I reserve some pity for anyone who still thinks politics is a war of ideas. Consider one telling spectacle from the American political scene last week: Democrats, led by Georgia congressman John Lewis, staged a “sit-in” revolt in the House of Representatives. Having failed to force a Republican vote on new gun-control legislation, Lewis and other politicians sat on the floor of the lower house in protest for almost 26 hours.
Now, for many observers this will appear to be nothing more than moral exhibitionism. But who says that isn’t effective? At least in our postmodern era, symbolism is more powerful than ideas. Why? The United States, according to some anthropologists, is a guilt culture: we are kept in line socially by the guilt one feels when one breaches some convention. My own opinion, as a thoroughly unqualified theorist in this area, is that the US today blends aspects of both guilt and shame cultures.

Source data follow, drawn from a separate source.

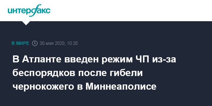 Москва. 30 мая. INTERFAX.RU - Губернатор американского штата Джорджия Брайан Кемп заявил о введении в районе Атланты режима чрезвычайного положения на фоне беспорядков, которые вспыхнули в этом городе после гибели в понедельник, 25 мая, в Миннеаполисе афроамериканца Джорджа Флойда.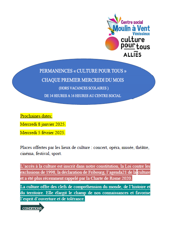 Permanence Culture pour tous Publié parcentresocial MAV4 février 2025Publié dans• Adultes - Familles, • Temps forts à venir Partager : Cliquer pour partager sur X(ouvre dans une nouvelle fenêtre) X Cliquez pour partager sur Facebook(ouvre dans une nouvelle fenêtre) Facebook J’aime chargement… Similaire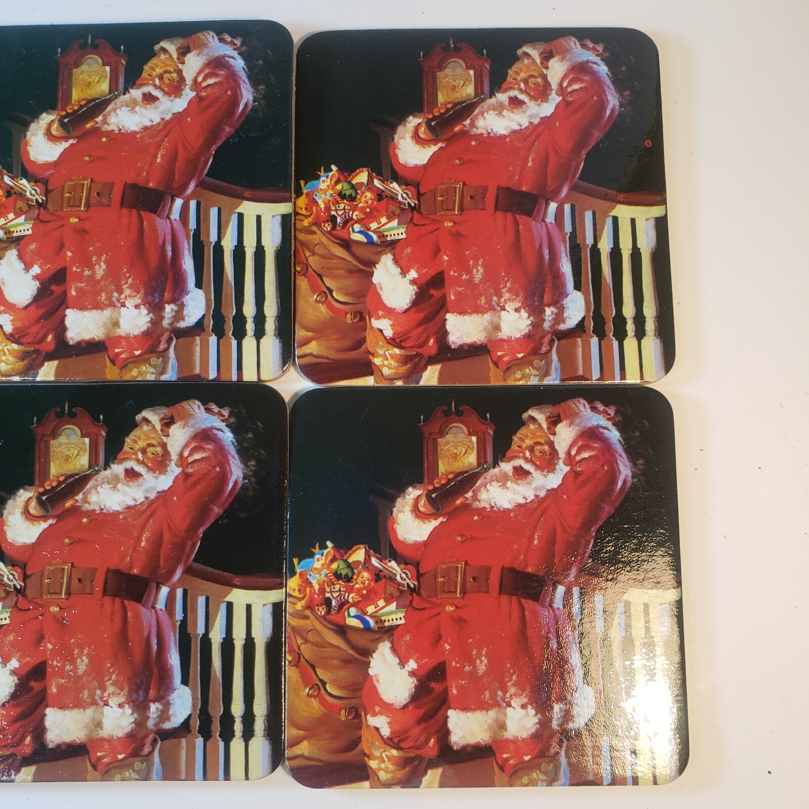 The product is a set of 8 Coca-Cola vintage Santa coasters from 1999. These coasters feature a multi-color design with Santa Claus depicted on them, embodying the theme of soda. The Coca-Cola brand is prominently featured, making them a collectible advertising item related to soda. The coasters likely hold nostalgic value and represent a piece of Coca-Cola's history and holiday-themed merchandise.

The point is that guilt, shame, and social ostracism — not ideas or principles — figure most prominently in our contemporary politics. And the use of symbolism is an efficient way to evoke those feelings in an opponent.
Lewis is a significant figure in the 1960s fight for civil rights. He knows that the sit-in brings to mind all sorts of symbols and images of that tumultuous era. (He and his cohort laid it on quite thick, at one point singing We Shall Overcome — a ridiculous bit of high burlesque.) One side of the culture war has been successful in linking all its opinions to the most contentious and guilt-ridden periods in American history. Anyone opposing the sit-in, then, is cast in the symbolic role of Bull Connor.
One might scoff at all of this, but bringing guilt and shame by continually invoking the lowest points in a nation’s history does affect people — see “Germany” — and often makes people assent to things not on their merits but on their emotional repercussions. I’ll always defend the Enlightenment, but it cemented in many Western minds a false idea of how humans actually think and make decisions. We have been trained since school age to believe that if we use facts, logic, and reason to make a case, we can persuade others to our side; if we apply this process to governance, the thinking goes, we can preserve our rights and liberty through superior argumentation.
Facts and logic exist, but most people don’t use them — or at least they only pretend to use them, brushing their base emotions with a thin glaze of reason. Those who sincerely value reason as a tool of debate are at an eternal disadvantage against those who don’t.